Thanks to support from the Hearst newspapers, whose publisher liked his anticommunism, Graham and his "crusades" made headlines and attracted people to hear his evangelical Protestantism. The renamed Crusade for Christ ran eight weeks in Los Angeles in 1948 and drew two million people to a 16-week rally in New York City's Madison Square Garden in 1957. In 1966, Graham preached to almost one million people in London. He preached in North Korea and in China. In 1986, while preaching in Paris, he used direct satellite transmissions to reach 30 other French cities.

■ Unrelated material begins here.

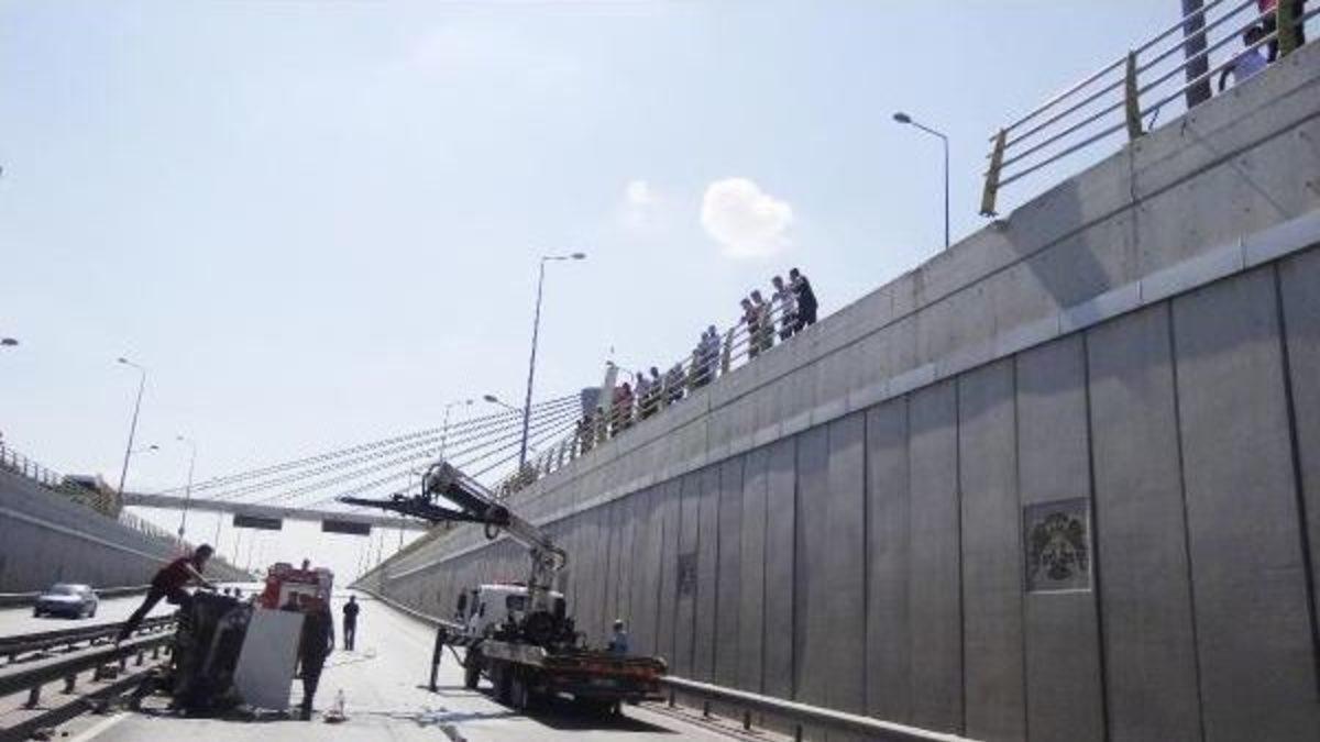 İsmail AKKAYA / KONYA, Kaza, bugün saat 13.40 sıralarında Konya- Ankara Karayolu Ayakkabıcılar Köprülüğü Kavşağı'nda meydana geldi. Usema Kalkan yönetimindeki 42 VU 691 plakalı otomobil, belirlenemeyen nedenle kontrolden çıkıp, bariyerleri kırıp yaklaşık 5 metre yükseklikten alt geçide uçtu. Kazada sürücü Usema Kalkan yaralandı. Ağır yaralı Kalkan ambulansla, Numune Hastanesi'ne kaldırıldı. Şans eseri kaza sırasında alt geçitten her hangi bir aracın geçmiyor olması büyük bir faciayı önledi.

Graham preached to integrated crowds long before other Southern preachers did. His organization's books were open for inspection, and he paid himself expenses plus "the salary of a fairly well-paid local minister." (According to the New York Times, he received $50,000 in 1980, or $142,000 in today's money.)


In 1950, he founded the Billy Graham Evangelistic Association, which oversaw his weekly "Hour of Decision" radio show, his Decision magazine, television shows for Christian networks, and the publishing of more than thirty of his books. Graham, a registered Democrat, advised every president from Johnson to Obama. Richard Nixon addressed one of his crusades, and George W. Bush credits Graham with convincing him to give up alcohol.


Billy Graham's last crusade, which drew 242,000 people, was in 2005 in New York City. After it, he retired to his home in Montreat, NC, where he died on February 21, 2018, at age 99.